In Shoup's proof of the hardness of discrete log in the generic group in this paper, he mentions that:

At any step in the game, the algorithm has computed a list $$F_1,\dots,F_k$$ of linear polynomials in $$Z/p^t[X]$$ along with a list of values $$z_1,\dots,z_k$$ in $$Z/s$$, and a list $$\sigma_1,\dots,\sigma_k$$ of distinct values in $$S$$.

The algorithm is initially given the encodings of $$1,x$$ and access to the group operation + inverses so it is clear that anything the algorithm computes can be expressed as a linear polynomial in $$Z/n[X]$$, where $$n=p^t s$$. However, I don't see how this breaks down into a linear polynomial in $$Z/p^t[X]$$ and a constant in $$Z/s$$.

$$n$$ and $$p^t$$ are coprime numbers. Then, we can use the Chinese remainder theorem to deduce a ring isomorphism $$\phi$$ from $$\mathbb{Z}_n$$ to $$\mathbb{Z}_s\times \mathbb{Z}_{p^t}.$$

And $$\phi$$ is just $$y \mapsto (y \mod s, y \mod p^t).$$

In the proof, the value of $$(x\mod s)$$ is chosen uniformly at random at the beginning of the game : it's $$z_2$$ in the paper. But $$x \mod p^t$$ is written as the indeterminate $$X$$ by the challenger (it's $$F_2$$). Because $$1 \mod s = 1$$ and $$1 \mod p^t =1$$, $$(z_1,F_1)=(1,1).$$

Then for all the new elements, they are written as a linear combination of $$x$$ and $$1$$ in $$\mathbb{Z}_n$$ and also (by using the chinese remainder theorem) as a linear combination of $$(z_2, X)$$ and $$(1,1)$$ in $$\mathbb{Z}_n$$.
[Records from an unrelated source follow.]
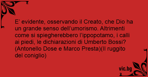 E’ evidente, osservando il Creato, che Dio ha un grande senso dell’umorismo. Altrimenti come si spiegherebbero l’ippopotamo, i calli ai piedi, le dichiarazioni di Umberto Bossi? (Antonello Dose e Marco Presta)(Il ruggito del coniglio)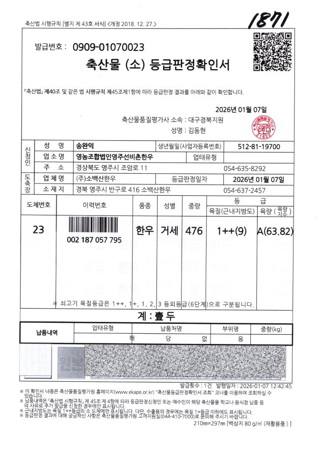 - 첨부파일 : 등급판정확인서0107 19A 001.jpg (109.1K) - 다운로드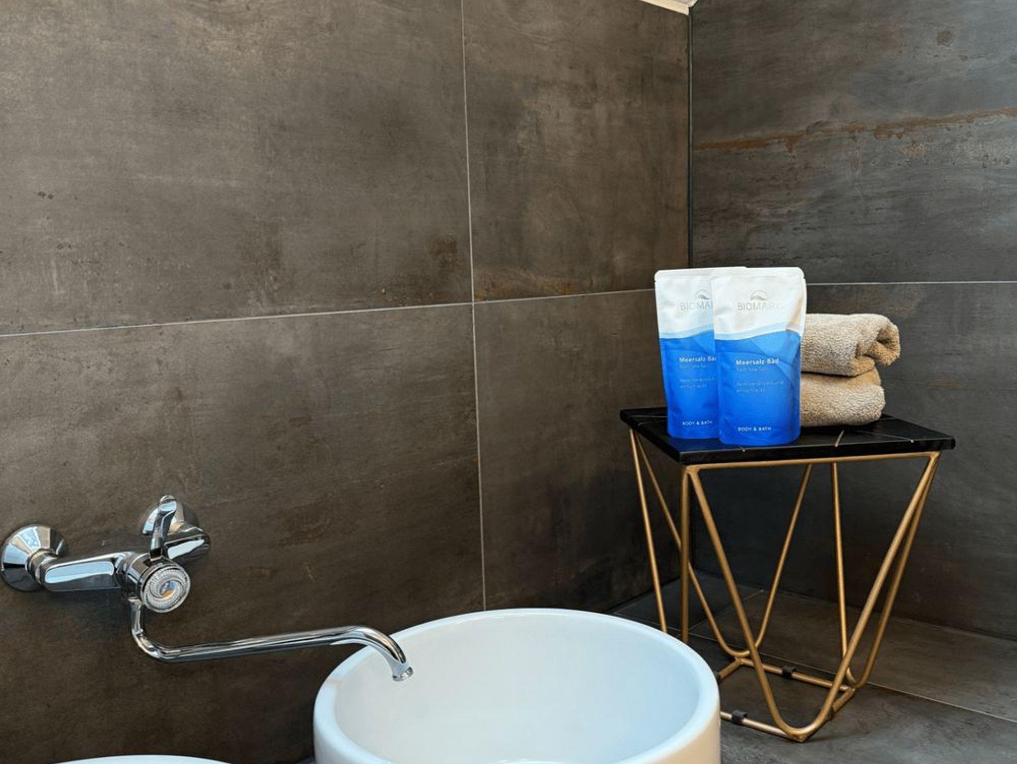 Ein besonderes Detail: das in das Bad integrierte Fußbecken. Ob nach einem Spaziergang durch den Kurpark oder einer Fahrradtour – hier finden müde Füße wohltuende Erleichterung.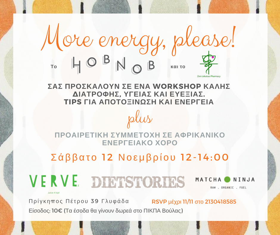 More energy, please: Ένα workshop διατροφής και υγείας με φιλανθρωπικό χαρακτήρα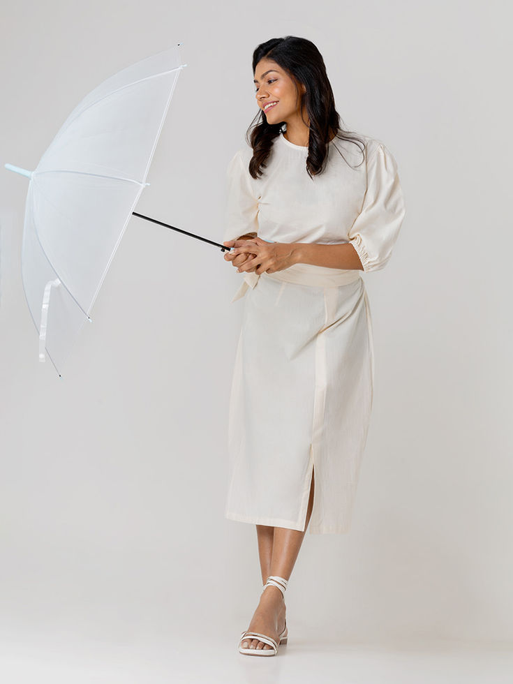 Suzume brings a fresh take to classic houndstooth with a coordinated set designed for stylish everyday comfort in India, combining a slim-strap crop top with adjustable side ties that create a soft scalloped shape and a fully lined A-line skirt with rounded hems and knee-high slits for graceful movement. The elasticated back ensures a flexible fit through long commutes and active routines, while the back slit on the top keeps getting dressed quick and easy. Perfect for women exploring trending co-ord sets and online shopping for women, this look transitions effortlessly from office hours to dinner plans — delivering confidence, comfort and a polished modern profile in one go.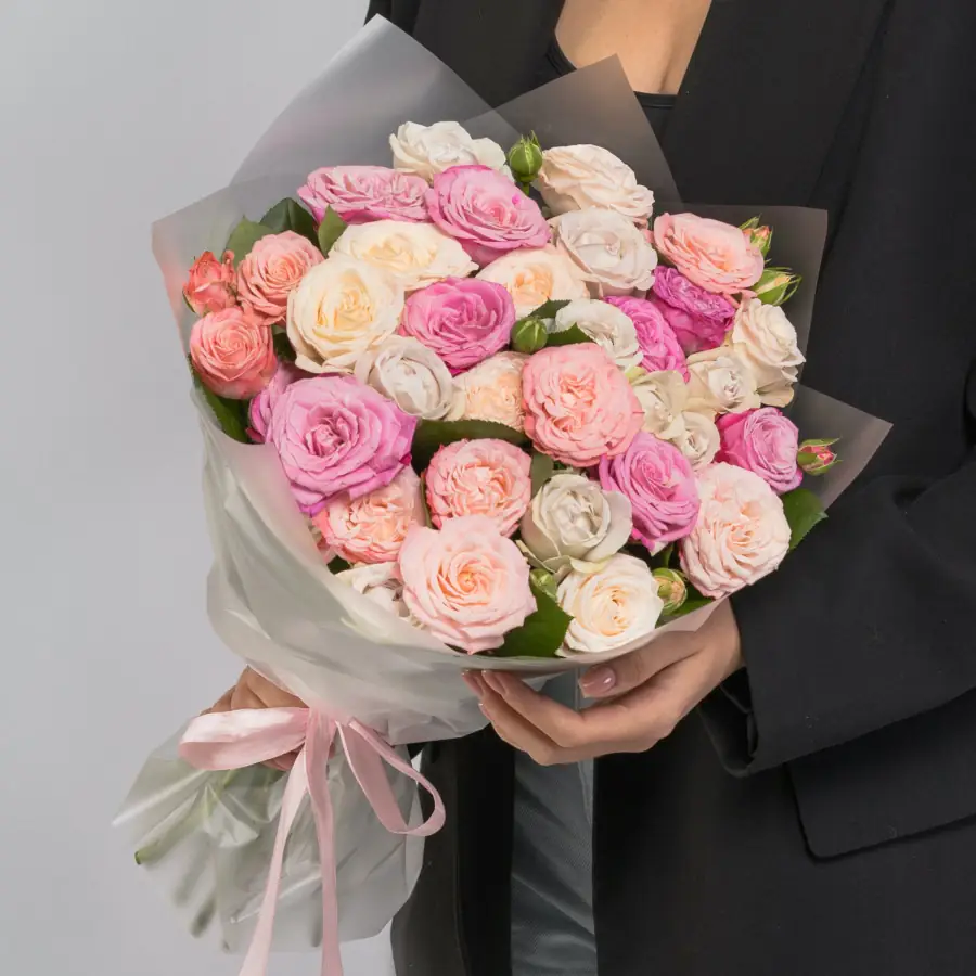 Соберем в день доставки, только из свежих цветов и затем с улыбкой вручим получателю.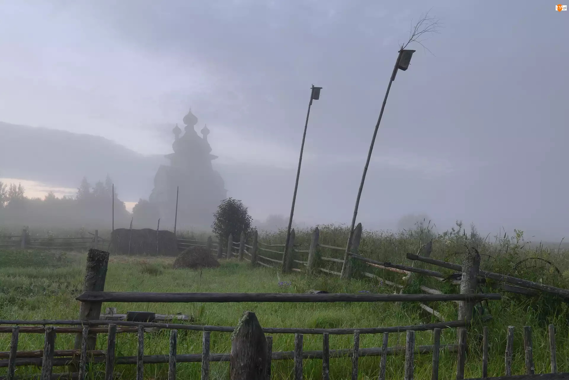 Ogrodzenie, Karmniki, Cerkiew, Mgła, Pale

To compute the new coefficients for the $$k^{th}$$ element which is decomposed as $$\lambda_1 \cdot 1 + \lambda_x \cdot x$$ in $$\mathbb{Z}_n$$, you have to use the ring isomorphism $$\phi.$$

$$\phi(\lambda_1 \cdot 1 + \lambda_x \cdot x) = \phi(\lambda_1 \cdot 1) + \phi(\lambda_x \cdot x) = \phi(\lambda_1) +\phi(\lambda_x) \cdot(z_2, X)$$

$$=(\lambda_1 \mod s, \lambda_1 \mod p^t) + (\lambda_x \cdot z_2 \mod s, (\lambda_x \mod p^t)\cdot X)$$ $$= ((\lambda_1 +\lambda_x \cdot z_2) \mod s, \lambda_1 \mod p^t +(\lambda_x \mod p^t)\cdot X)$$

We deduce that $$z_k=(\lambda_1 +\lambda_x \cdot z_2) \mod s$$ and $$F_k =\lambda_1 \mod p^t +(\lambda_x \mod p^t)\cdot X).$$